Usage¶
Installation¶
To use PyThat, first install it using pip (via terminal):
$ pip install PyThat
Please note, that PyThat is not yet available via conda/Anaconda.
Basics and Scope¶
The package reconstructs the measurement tree and lets the user choose the row containing an indicator. It then uses the metadata from the measurement tree to construct an xarray object with n+m dimensions, where n is the dimension of the indicator in the specified row and m the number of indents/loops.
Since xarray is built around labeled arrays, it also reconstructs the dimension label (dims) and label coordinate (coords) attributes of the xarray objects. The scope of PyThat is the conversion into the xarray format. For use of xarray see the well maintained xarray documentation.
After starting at version 0.27 all data is read for all valid indicators and combined to a dataset. The old version with indexing should still work, however.
Tutorial¶
Load Data¶
from PyThat import MeasurementTree
path = r'C:\some_folder\measurement_file.h5'
mt = MeasurementTree(path)
This will create a MeasurementTree object mt in which the measurement data is stored.

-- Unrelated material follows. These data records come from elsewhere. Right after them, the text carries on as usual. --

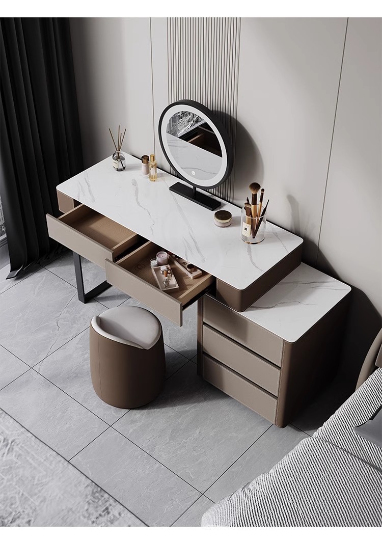 이탈리아 빛 럭셔리 인터넷 유행 작은 아파트 바위 패널 메이크업 테이블 저장 내각 통합 안장 가죽 간단한 현대 드레싱 테이블
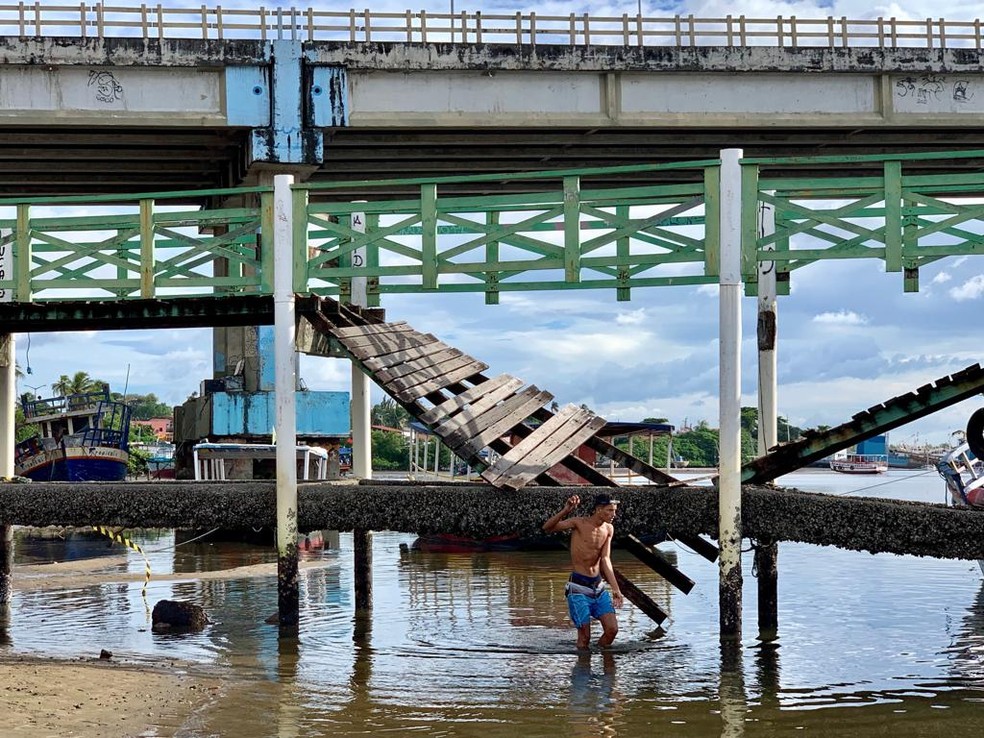 Após píer desabar, grupo caiu de altura de cerca de três metros — Foto: Wânyffer Monteiro/TV Verdes Mares
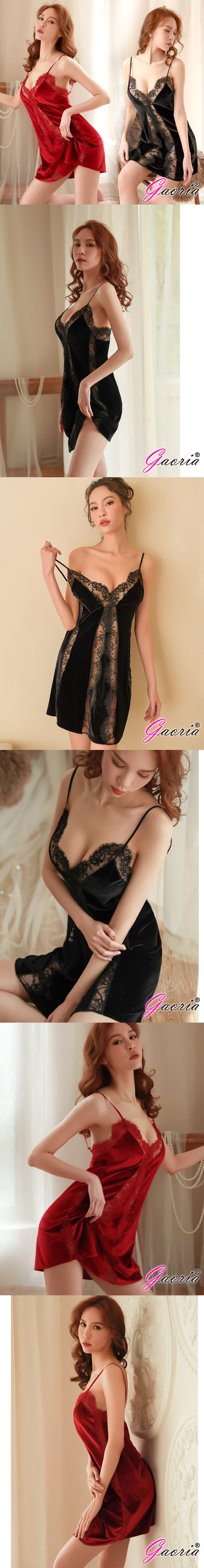 · 商品名稱:【Gaoria】擄獲美姬 絲絨性感蕾絲睡裙-黑
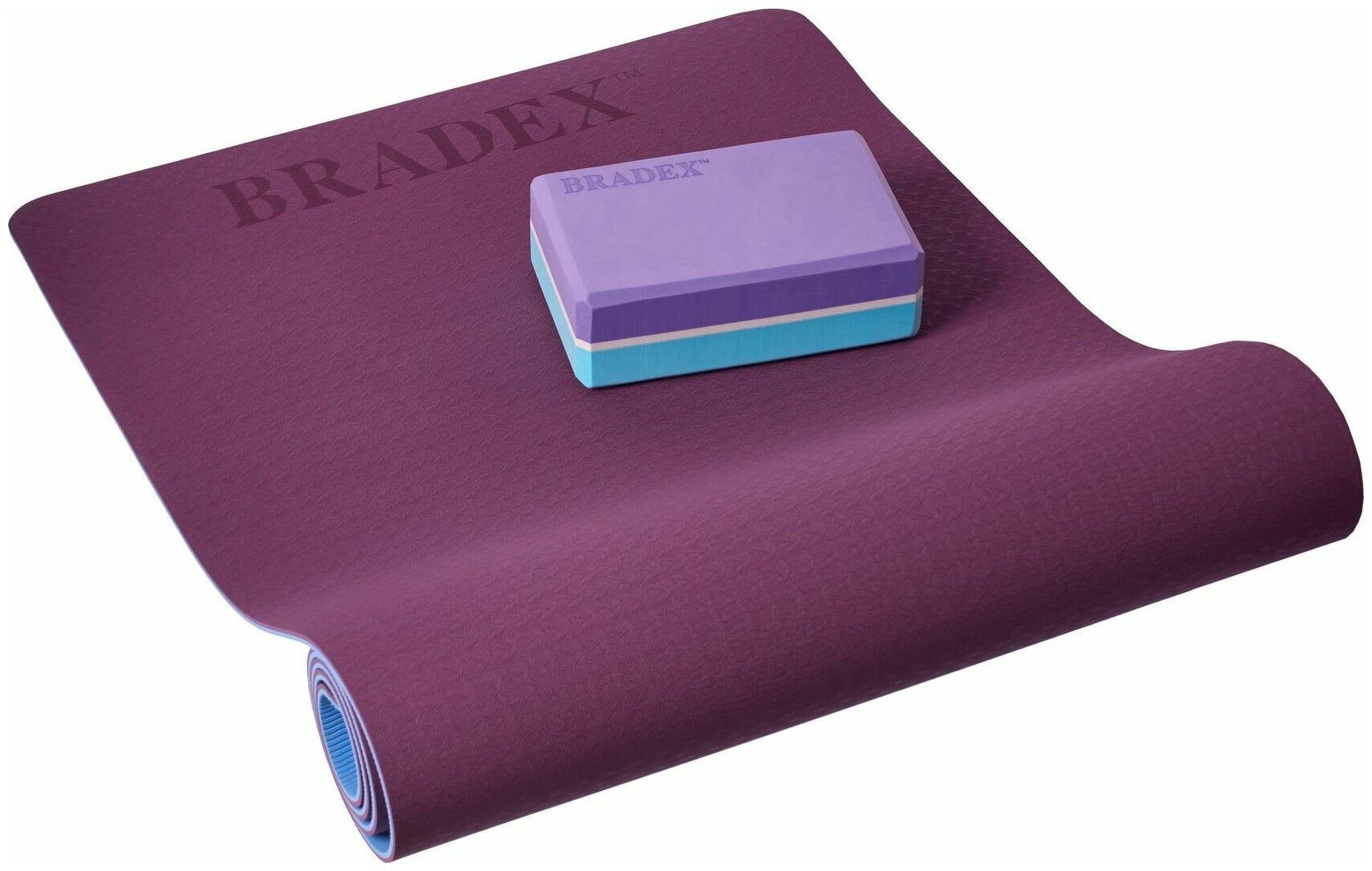 Коврик для йоги и фитнеса, Bradex (товары для спорта и отдыха, 183 х 61 х 0,6, ТПЭ, двухслойный, фиолетовый, SF 0402)
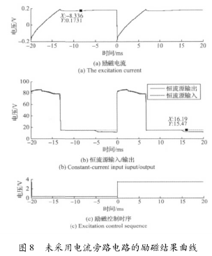 實驗結果表明,高壓源向低壓源切換后,三端穩(wěn)壓器的工作特性致使的電流波動和低壓源供電情況下的恒流控制,會大幅延長勵磁電流的穩(wěn)態(tài)響應時間。圖8所示勵磁電流約在17ms左右進入穩(wěn)態(tài),圖9所示勵磁電流的穩(wěn)態(tài)響應時間約為12ms。這表明,在采用三端穩(wěn)壓器搭建恒流控制電路的情況下,電流旁路電路能有效克服三端穩(wěn)壓器工作特性的影響,并能方便的實現(xiàn)電流超調(diào),加快勵磁電流的響應速度。
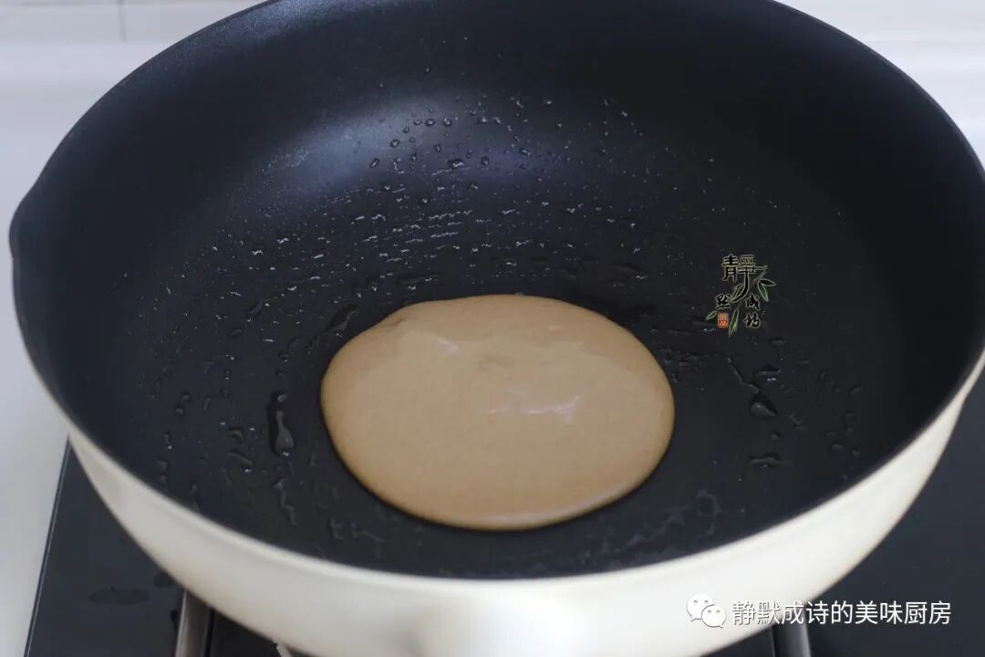 6、平底锅刷油,舀一勺面糊,垂直于锅底轻轻倒入,让它自然摊开成圆形。
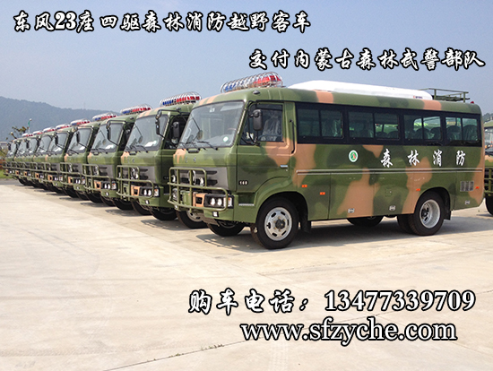 東風(fēng)23座四驅(qū)森林消防專用運(yùn)兵車型號(hào)為EQ6680ZTV,采用軍工東風(fēng)EQ6650KZ5T 三類底盤,發(fā)動(dòng)機(jī)型號(hào):ISD160 50康明斯160馬力國(guó)五排放,變速箱為手動(dòng)六檔變速箱,整車外形尺寸長(zhǎng)寬高(6800X2320X2800,3010)mm 驅(qū)動(dòng)形式:4×4,離合助力,方向助力,斷氣剎,鼓式自動(dòng),車橋?yàn)闁|風(fēng)德納,輪胎為7.50R20鋼絲胎,外行李架,工具箱3個(gè),前置防裝杠,粘接式推拉玻璃,鋁花紋地板,中檔座椅,,手動(dòng)式外擺門,153駕駛室正副司機(jī)門,獨(dú)立柴油鍋爐暖風(fēng)機(jī)帶四個(gè)出風(fēng)口,窗簾,滅火器兩個(gè),備胎一個(gè)。選裝頂置派恩大功率空調(diào)機(jī)組。
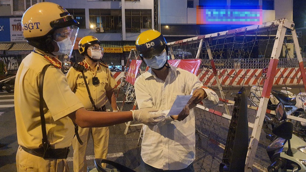 CSGT Q.1 (TP.HCM) kiểm tra giấy tờ nhân viên giao hàng tại chốt kiểm soát dịch đường Điện Biên Phủ, Q.1
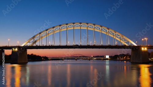 Naklejka premium Sleek steel arches of Hoan Bridge illuminate at dusk over the Milwaukee River with soft LED light reflections on the waters surface
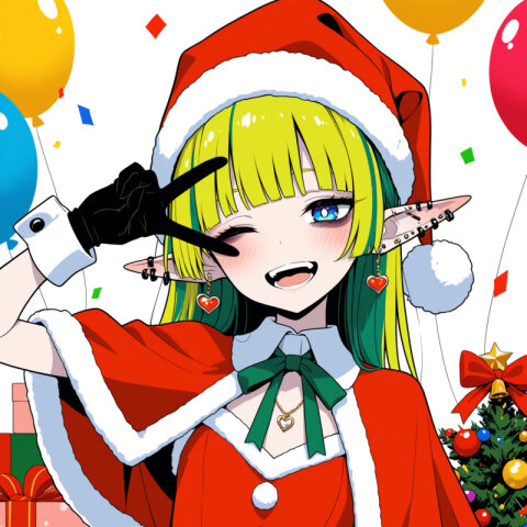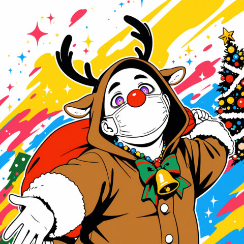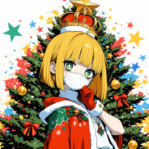 santa-inspired kimono top, red upper garment, fluffy white trim, soft moco-moco texture, festive fabric patterns, ribbon ornaments, bell accessories, green hakama pants, Snowflake pattern hakama pants, wide pleated hakama, warm and cute christmas japanese style,Reindeer antler headband,geta,
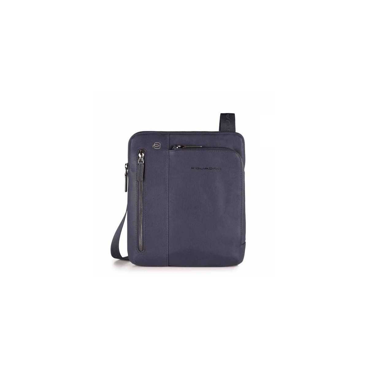Herrentasche aus der Black Square Serie komplett aus echtem italienischem Leder in einem intensiven Blau. Die Tasche hat eine doppelte Vordertasche und eine Gesäßtasche mit Reißverschluss, verstellbaren, genähten Schultergurt und eine feste Innenorganisation mit Ipad-Halter, Schlüsselhalter und Stifthalter, um im Piquadro-Stil alles immer griffbereit zu haben.
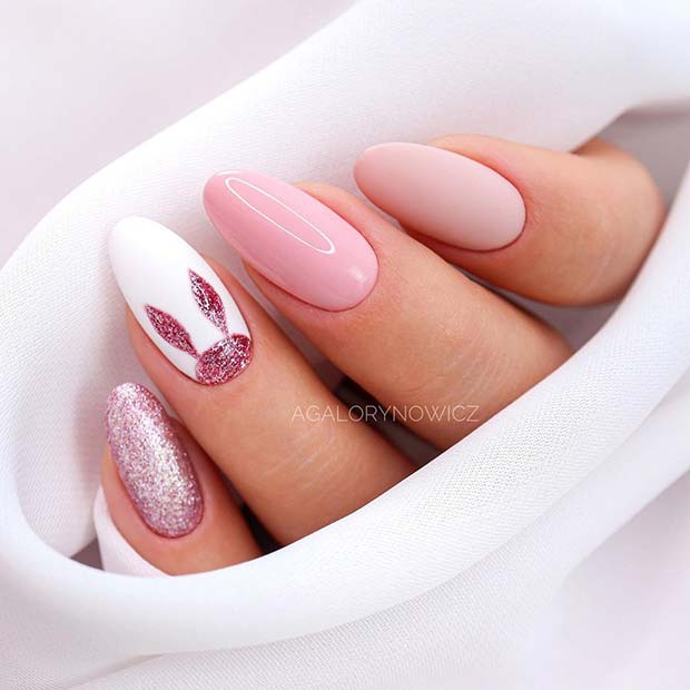 24. Adorable Pink Bunny Nail Art
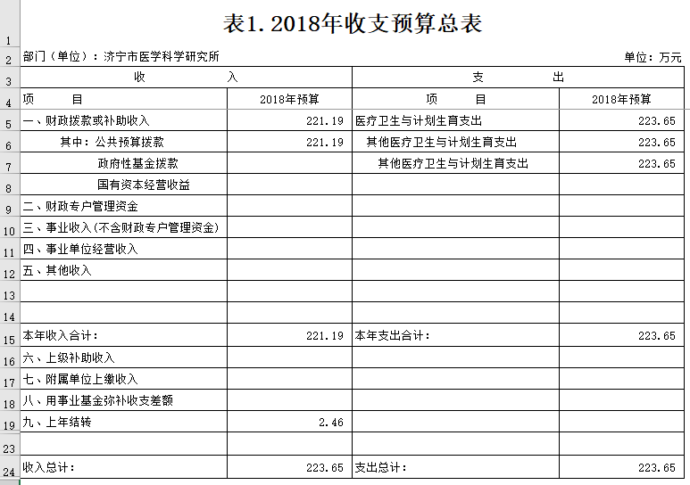 濟寧市醫(yī)學科學研究所2018年收支預算總表(預算公開表)
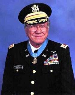 Freeman and his commander, Major Bruce Crandall, volunteered to fly their unarmed, lightly armored UH-1 Huey in support of the embattled troops. Freeman made a total of fourteen trips to the battlefield, bringing in water and ammunition and taking out wounded soldiers under heavy enemy fire in what was later named the Battle of Ia Drang. By the time they landed their heavily damaged Huey, Captain Freeman had been wounded four times by ground fire.[5]

The printout will look somewhat like this:
Number of groups: 2
(0, 0) "row_00": ['scalar control', 'Anritsu ShockLine MS46xxx VNA', 'Number of points', 1001.0, 2147483647.0, 1.0]
(0, 1) "row_01": ['scalar control', 'Anritsu ShockLine MS46xxx VNA', 'Start frequency (MHz)', 5650.0, 43499.999998, 1.0]
(0, 2) "row_02": ['scalar control', 'Anritsu ShockLine MS46xxx VNA', 'Stop frequency (MHz)', 6350.0, 6350.0, 1.0]
(0, 3) "row_03": ['scalar control', 'Anritsu ShockLine MS46xxx VNA', 'Averages', 10.0, 4294967295.0, 1.0]
(0, 4) "row_04": ['boolean control', 'Bruker_B-EC1_Simple', 'DC Output', 'TRUE']
(0, 5) "row_05": ['scalar control', 'Bruker_B-EC1_Simple', 'Set Magnetic Field (mT)', 130.0, 155.0, 21.0]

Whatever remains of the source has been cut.